> **TO DO**
Only the lines from the beginning of the entries through the one that holds "Printed Canvas Artwork: Modern" may appear in the answer, written out exactly and free of pictures.

[Items listed in a dataset]

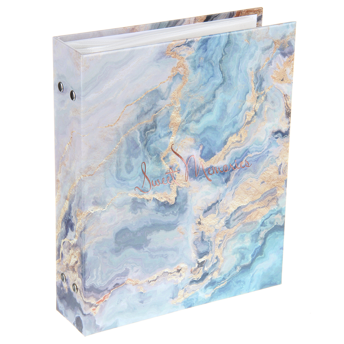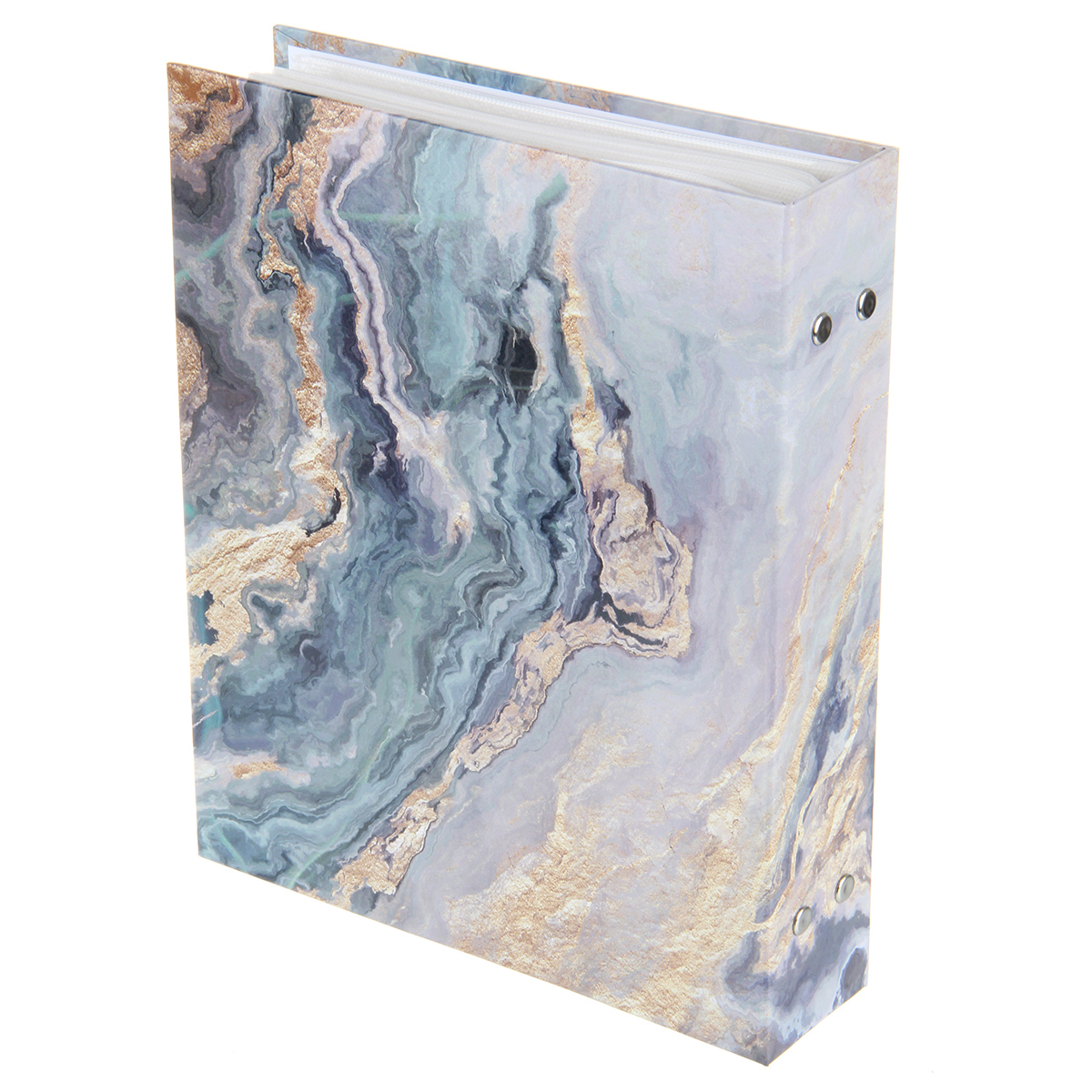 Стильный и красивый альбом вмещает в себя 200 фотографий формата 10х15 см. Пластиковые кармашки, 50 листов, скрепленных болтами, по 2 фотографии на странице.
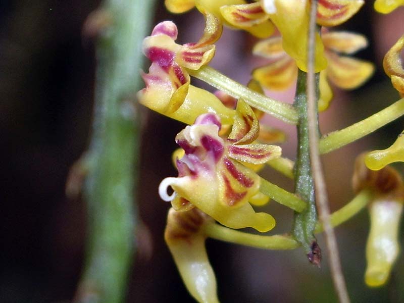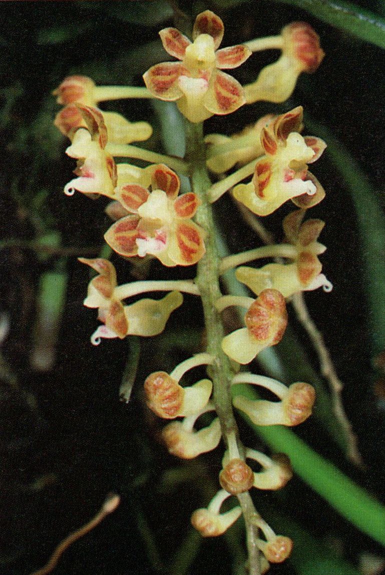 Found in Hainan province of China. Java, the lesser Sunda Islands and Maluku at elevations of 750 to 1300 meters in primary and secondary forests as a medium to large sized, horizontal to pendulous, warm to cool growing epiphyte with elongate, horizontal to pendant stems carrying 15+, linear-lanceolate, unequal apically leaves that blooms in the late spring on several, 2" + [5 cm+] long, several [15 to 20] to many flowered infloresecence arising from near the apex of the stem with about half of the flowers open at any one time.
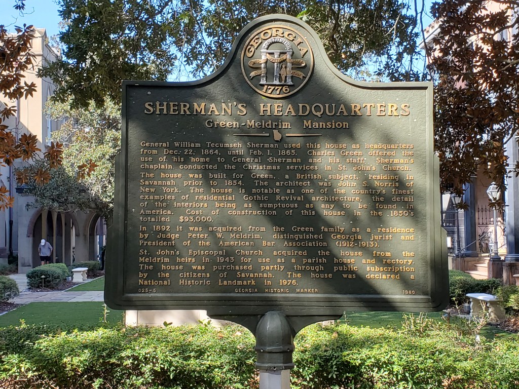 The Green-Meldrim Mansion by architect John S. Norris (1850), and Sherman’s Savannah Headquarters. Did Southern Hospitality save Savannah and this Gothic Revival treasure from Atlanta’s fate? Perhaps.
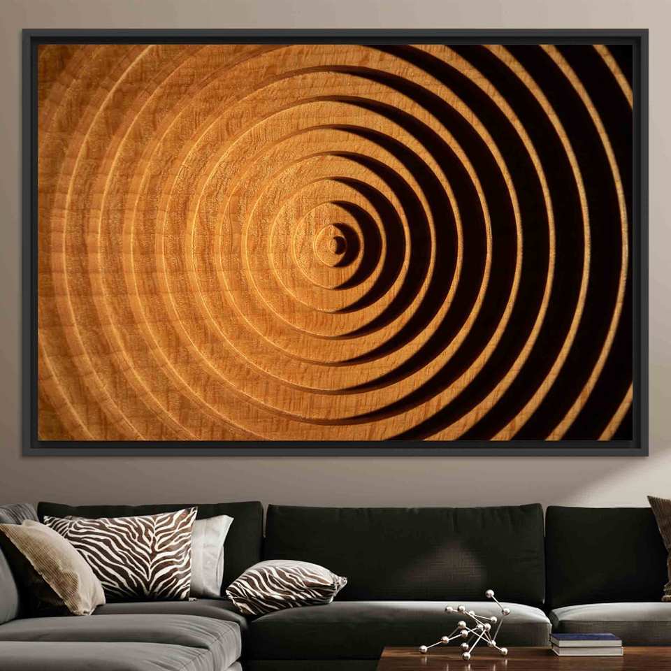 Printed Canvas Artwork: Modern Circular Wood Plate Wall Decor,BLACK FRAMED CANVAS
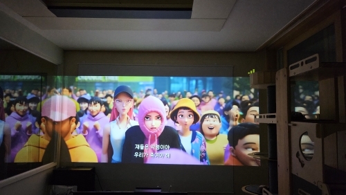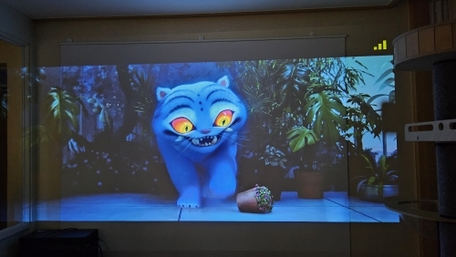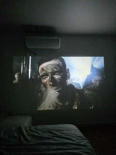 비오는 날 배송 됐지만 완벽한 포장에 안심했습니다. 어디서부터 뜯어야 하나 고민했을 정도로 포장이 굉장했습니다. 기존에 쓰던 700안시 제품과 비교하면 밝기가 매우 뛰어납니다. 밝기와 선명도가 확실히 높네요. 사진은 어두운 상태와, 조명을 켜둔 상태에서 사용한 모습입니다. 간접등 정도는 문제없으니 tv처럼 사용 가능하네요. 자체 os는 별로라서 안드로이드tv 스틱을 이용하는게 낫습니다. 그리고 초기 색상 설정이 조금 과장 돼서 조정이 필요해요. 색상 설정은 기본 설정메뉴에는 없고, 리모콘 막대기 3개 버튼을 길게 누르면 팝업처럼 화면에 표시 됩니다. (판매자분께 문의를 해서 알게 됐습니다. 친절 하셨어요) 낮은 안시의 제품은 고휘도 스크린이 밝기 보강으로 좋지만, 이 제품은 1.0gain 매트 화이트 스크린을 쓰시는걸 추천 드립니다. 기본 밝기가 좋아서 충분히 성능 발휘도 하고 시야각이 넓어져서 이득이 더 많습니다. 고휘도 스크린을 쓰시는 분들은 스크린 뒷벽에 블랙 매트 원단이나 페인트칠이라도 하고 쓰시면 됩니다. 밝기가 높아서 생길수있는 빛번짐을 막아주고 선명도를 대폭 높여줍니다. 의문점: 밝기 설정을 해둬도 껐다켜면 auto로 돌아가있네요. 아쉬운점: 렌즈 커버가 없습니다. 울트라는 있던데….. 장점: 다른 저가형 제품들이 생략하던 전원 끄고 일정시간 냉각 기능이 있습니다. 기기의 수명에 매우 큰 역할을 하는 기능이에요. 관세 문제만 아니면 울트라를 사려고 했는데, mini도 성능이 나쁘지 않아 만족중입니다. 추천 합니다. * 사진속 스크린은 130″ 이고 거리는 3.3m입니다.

> **RESULT OF THIS EXERCISE**
 Стильный и красивый альбом вмещает в себя 200 фотографий формата 10х15 см. Пластиковые кармашки, 50 листов, скрепленных болтами, по 2 фотографии на странице.
 Found in Hainan province of China. Java, the lesser Sunda Islands and Maluku at elevations of 750 to 1300 meters in primary and secondary forests as a medium to large sized, horizontal to pendulous, warm to cool growing epiphyte with elongate, horizontal to pendant stems carrying 15+, linear-lanceolate, unequal apically leaves that blooms in the late spring on several, 2" + [5 cm+] long, several [15 to 20] to many flowered infloresecence arising from near the apex of the stem with about half of the flowers open at any one time.
 The Green-Meldrim Mansion by architect John S. Norris (1850), and Sherman’s Savannah Headquarters. Did Southern Hospitality save Savannah and this Gothic Revival treasure from Atlanta’s fate? Perhaps.
 Printed Canvas Artwork: Modern Circular Wood Plate Wall Decor,BLACK FRAMED CANVAS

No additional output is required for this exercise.